____ Supplied material
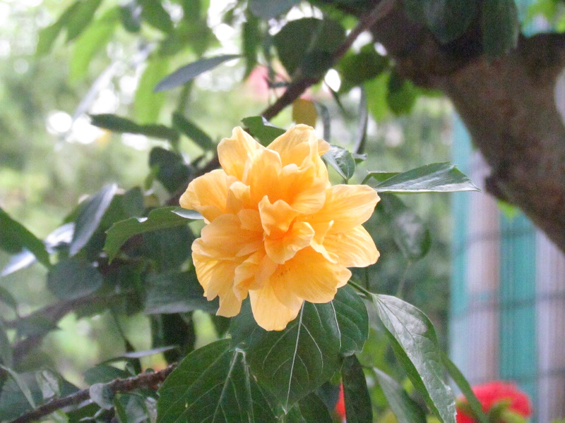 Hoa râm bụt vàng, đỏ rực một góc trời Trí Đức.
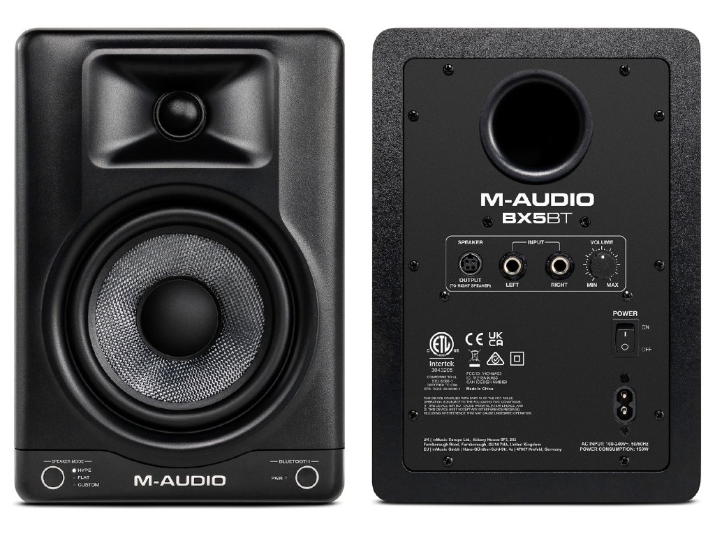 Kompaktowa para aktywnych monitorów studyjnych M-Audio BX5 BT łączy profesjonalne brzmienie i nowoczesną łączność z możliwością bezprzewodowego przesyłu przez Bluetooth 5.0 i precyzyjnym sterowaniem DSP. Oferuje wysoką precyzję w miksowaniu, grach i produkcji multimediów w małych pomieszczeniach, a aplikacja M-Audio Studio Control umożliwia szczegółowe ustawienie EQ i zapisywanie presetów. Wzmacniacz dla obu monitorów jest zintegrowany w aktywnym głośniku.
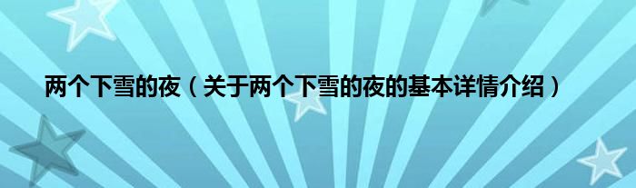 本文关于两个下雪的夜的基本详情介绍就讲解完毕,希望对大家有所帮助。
________
____ Supplied material
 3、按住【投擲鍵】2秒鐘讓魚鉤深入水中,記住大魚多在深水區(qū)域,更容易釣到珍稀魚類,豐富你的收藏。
________
**Assigned task:** In the data above, find the line with "Hoa râm bụt" and the line with "本文关于两个下雪的夜的基本详情介绍就讲解完毕,希望对大家有所帮助。". Please copy exactly those two lines and every line between them, but not the pictures.

**Response to the exercise:**
 Hoa râm bụt vàng, đỏ rực một góc trời Trí Đức.
 Kompaktowa para aktywnych monitorów studyjnych M-Audio BX5 BT łączy profesjonalne brzmienie i nowoczesną łączność z możliwością bezprzewodowego przesyłu przez Bluetooth 5.0 i precyzyjnym sterowaniem DSP. Oferuje wysoką precyzję w miksowaniu, grach i produkcji multimediów w małych pomieszczeniach, a aplikacja M-Audio Studio Control umożliwia szczegółowe ustawienie EQ i zapisywanie presetów. Wzmacniacz dla obu monitorów jest zintegrowany w aktywnym głośniku.
 本文关于两个下雪的夜的基本详情介绍就讲解完毕,希望对大家有所帮助。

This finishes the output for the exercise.